What are your state taxes like? Who has the lowest? What products or services in your state aren't taxed? Does your state not have an income tax? ie. Pennsylvania has no sales tax on cloths, I buy most of mine at the outlet mall just over the border from Ohio. Ohio doesn't have any tax on carry out foods from resturants, I always get mine to go. Florida has no income tax, both state and local. Whats tax exempt in your neck of the woods?

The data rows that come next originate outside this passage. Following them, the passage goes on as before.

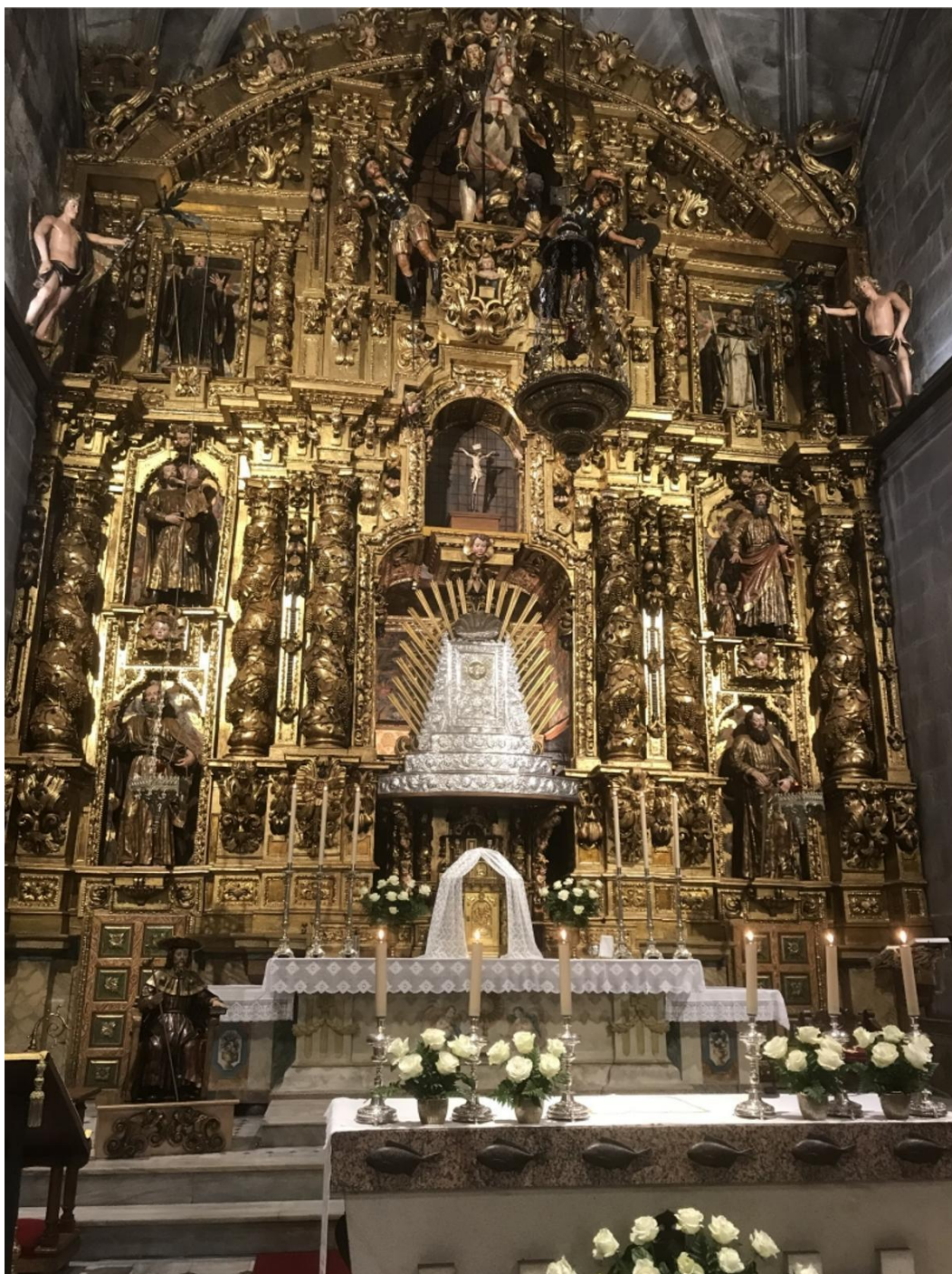
Retablo da Igrexa de Cangas co baldaquino de prata.

Co tempo, en Cangas as imaxes deixaron de procesionar polas nosas rúas e no seu lugar saían os seus respectivos estandartes para renderlle homenaxe; tradición que perdurou na nosa vila ata o ano 2019 e que despois da COVID non se volveu recuperar, saíndo na actualidade soamente o Santísimo Sacramento. Non obstante, cómpre eloxiar o traballo das veciñas e veciños da nosa vila que ano tras ano traballan na realización desas alfombras e tapices florais para que sobre eles procesione o Corpus Christi, no que podemos describir como patrimonio inmaterial da nosa vila; que debemos de manter, coidar, e, por suposto, presumir.
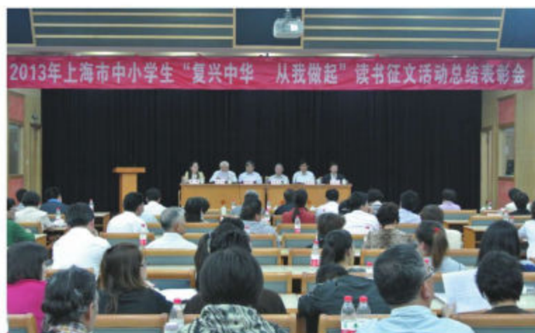
上海市教育系統關工委召開讀書徵文活動總結表彰會
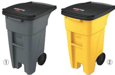
① グレー ② イエロー
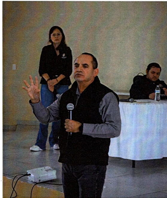
Foro en el municipio de Guachochi, Chihuahua
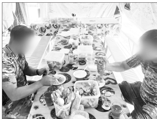
Ежедневно разнообразное меню для бойцов

How about our friends living where ice comes from anyplace or thing tax free up there.


----------



## northernontario (Oct 29, 2008)

Things are far from tax-free up here... A recent editorial/blog that was reposted in the local newspaper (online)...



> Niels Veldhuis
> and Milagros Palacios
> 
> As we come to the end of another tax season, some Canadians will be eagerly awaiting an unexpected refund, while others will be frustrated by having to dig deep to pay an amount owing. For most Canadians, regardless of unexpected refunds or balances owing, the tax deadline provides a sobering reminder of just how much income tax they paid last year.
> ...


Ontario is also working to 'harmonize' the provincial sales tax (PST) and federal sales tax [goods and services tax](GST) into one lump... to tax things that fell outside of the scope of either tax... to generate more revenue.


----------



## Canadian (Dec 14, 2008)

We are taxed like crazy in Canada. If you're lucky enough to live in the oil patch there's no provincial sales tax. I pay about 13% tax on everything I buy. I also got heavily dinged by revenue Canada this year on my taxes. I'm now behind and it'll take me a few weeks to catch up. I wish the government would stop spending money on silly stuff and just pay off their debt.


----------



## sailaway (Mar 12, 2009)

Canadian said:


> We are taxed like crazy in Canada. If you're lucky enough to live in the oil patch there's no provincial sales tax. I pay about 13% tax on everything I buy. I also got heavily dinged by revenue Canada this year on my taxes. I'm now behind and it'll take me a few weeks to catch up. [/I wish the government would stop spending money on silly stuff and just pay off their debt.]


I wish our Government would pay our deficit too.


----------



## TechAdmin (Oct 1, 2008)

Here in Texas we don't have State Income taxes but we have Business taxes which is based on revenue, not profit. Horrible system.


----------